8. Idempotency (Keys, Dedup, Exactly-Once Illusions)

An operation is idempotent if you can run it multiple times and get the same result as running it once. GET requests are naturally idempotent. DELETE is mostly idempotent. POST to create a record is not — you'll get duplicates.

Why this matters: networks fail, clients retry, message queues deliver things more than once. If your operations aren't idempotent, retries cause real problems — duplicate payments, duplicate emails, double-created records.

Idempotency keys: The client generates a unique ID for each logical operation (like a payment). It sends this key with the request. The server stores the key and the result. If the same key comes in again, the server returns the stored result instead of running the operation again. Stripe does this for payments.

The thing I want to remember: "exactly-once delivery" is basically impossible in distributed systems. What you actually get is at-least-once delivery combined with deduplication on the consumer side, which gives you effectively-once behavior. It's not truly exactly-once — it's just idempotent handling of duplicates.


9. Data Sharding (Routing, Rebalancing, Hot Partitions)

Sharding is splitting your data across multiple database nodes so no single node has to hold everything or handle all the traffic.

How do you decide which shard a piece of data goes to?

  • Hash-based: run the key through a hash function, use the result to pick a shard. Even distribution but adding/removing shards is painful because most keys need to remap (consistent hashing helps with this).
  • Range-based: each shard owns a range of keys (like A-F, G-M). Good for range queries but sequential writes all pile up on one shard.
  • Directory-based: a separate service maps keys to shards. Flexible but now you have another thing that can fail.

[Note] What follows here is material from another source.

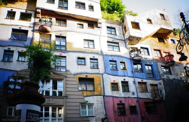오스트리아 비엔나는 모차르트와 베토벤 같은 음악 거장들의 흔적으로 가득하지. 클림트와 에곤 쉴레의 흔적들도 거리에 넘쳐난단다. 하지만 아빠는 이 유명한 한 명의 건축가 덕분에 비엔나가 과거에만 머무르지 않고 현대와 공존할 수 있는 도시가 되었다고 생각해. 그의 이름은 프리덴슈라이히 훈데르트바서야.(이하 훈데르트바서) 이 아저씨는 1928년 비엔나에서 태어났는데 유대인인 홀어머니 밑에서 자랐고, 2차 세계대전 중 히틀러의 유대인 탄압을 직접 경험한 것으로 유명해. 이때의 경험은 그를 평화주의자로 만들었고, 지금의 이름인 프리덴슈라이히 훈데르트 바 서라는 이름도 그가 직접 지은 이름인데 독일어로 '평화롭고 풍요로운 곳에 흐르는 백개의 강'이라는 뜻이란다. 어려서부터 색채와 형태에 대한 남다른 감각을 가졌던 그는 전쟁이 끝난 뒤 비엔나 미술아카데미에 잠시 몸담기도 했지만, 이후에는 유럽 전 지역을 여행하며 독자적인 예술 세계를 구축하기 시작했어. 그는 작업실을 따로 두지 않았고, 야외 레스토랑, 기차, 비행기 등 본인이 있는 곳이 바로 작업실일 정도였어. 종이와 캔버스는 물론 포장지, 천조각, 버려진 종이 등 그가 손을 대는 곳은 곧바로 하나의 예술 작품이 되어버렸지. 특히 그가 집착한 것은 나선 형태였는데, "시작과 끝이 정해져 있지 않고 끝없이 돌고 도는 나선은 우리의 삶과 가장 많이 닮아 있다"라고 말한 것처럼 생명과 죽음을 상징하는 형태이 인 나선 형태의 작품들이 많았어. 특히 그는 색채를 조합하는데 탁월한 감각이 있었고, 평론가들은 그를 '색채의 마술사'라고 불렀어.

Rebalancing is what happens when you add a new shard — you have to move data around. The goal is to do this without downtime.

Hot partitions are when one shard gets way more traffic than others — like if you shard by user ID and a celebrity has millions of requests. One solution I've seen mentioned is adding a random suffix to the key to spread it across multiple shards, then merging the results on read.


10. API Gateway (Auth, Rate Limits, Routing, Policy, Observability)

An API gateway sits in front of all your services and handles the stuff that every service would otherwise have to implement itself.

Auth: Validate JWTs or OAuth tokens once at the gateway. The individual services can just trust the forwarded headers instead of each having their own auth logic.

Rate limiting: Control how many requests a client can make. Stops abuse and protects services from getting flooded. Token bucket and sliding window are the common algorithms. Better to stop traffic here than let it reach your services.

Routing: The gateway maps paths to services. This is also how you do versioning (/v1/ vs /v2/) or canary releases where you send a small percentage of traffic to a new version.

Policy stuff: TLS termination, CORS headers, IP blocking, response caching — centralize all of this so you don't have 10 services each doing it slightly differently.

Observability: Because all traffic flows through the gateway, it's the natural place to collect metrics on request rates, error rates, and latency for every service at once. You can also inject trace IDs here so every request is traceable from the start.